The order in which witnesses are produced and examined shall be regulated by the law and practice for the time being relating to civil and criminal procedure respectively, and, in the absence of any such law, by the discretion of the Court (section 135 of Indian Evidence Act, 1872). The examination of witnesses may take place in three stages.

  • EXAMINATION – IN – CHIEF: the examination of a witness by the party who calls him shall be called his examination – in – chief.
  • CROSS – EXAMINATION: the examination of a witness by the adverse party shall be called his cross – examination.
  • RE – EXAMINATION: the examination of a witness, subsequent to the cross – examination by the party who called him, shall be called his re – examination.


EXAMINATION (Section 231)

  • On the date so fixed the judge shall proceed to take all such evidence as may be produced in support of the prosecution.
  • The judge may, in his discretion, permit the cross-examination of any witness to be deferred until any other witness or witnesses have been examined or recall any witness for further cross-examination.
  • It is no doubt the duty of the prosecution to examine all material witnesses essential to the unfolding of the narrative on which the prosecution is based, whether in the result the effect of that testimony is for or against the case for the prosecution[4].

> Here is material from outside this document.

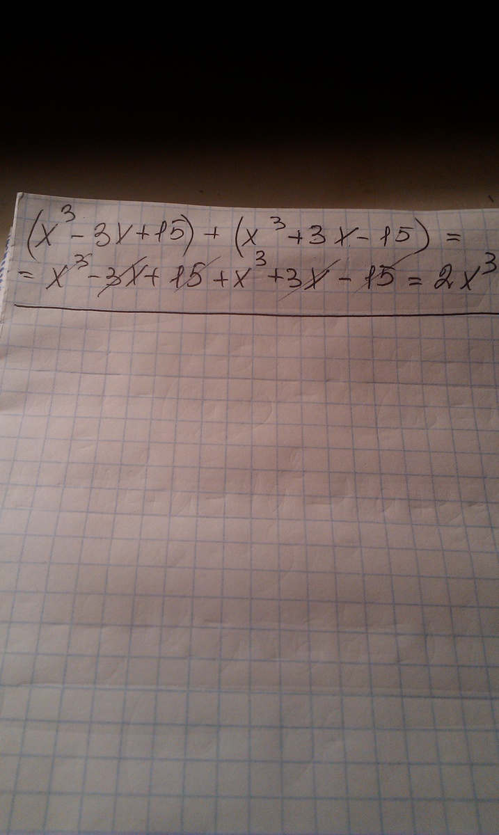х^3 -3х+15 +(х^3+3х-15) = х^3 -3х+15 + х^3+3х-15 = 2*x^3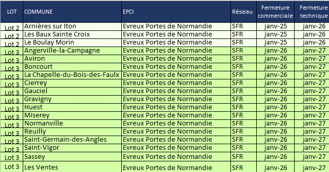 Les communes euroises concernées par l’arrêt du réseau cuivre sur les 5 premiers lots

  • The judge who presides over the Court of Session in all trials makes in writing or dictation in open Court by an officer of the Court under his supervision, all evidences of witnesses for further reference.
  • As the evidence of each witness taken u/s. 275 or 276 is completed, it shall be read over to him in the presence of the accused, if in attendance, or of his pleader, if he appears by pleader and shall if necessary, be corrected (section 278(1)).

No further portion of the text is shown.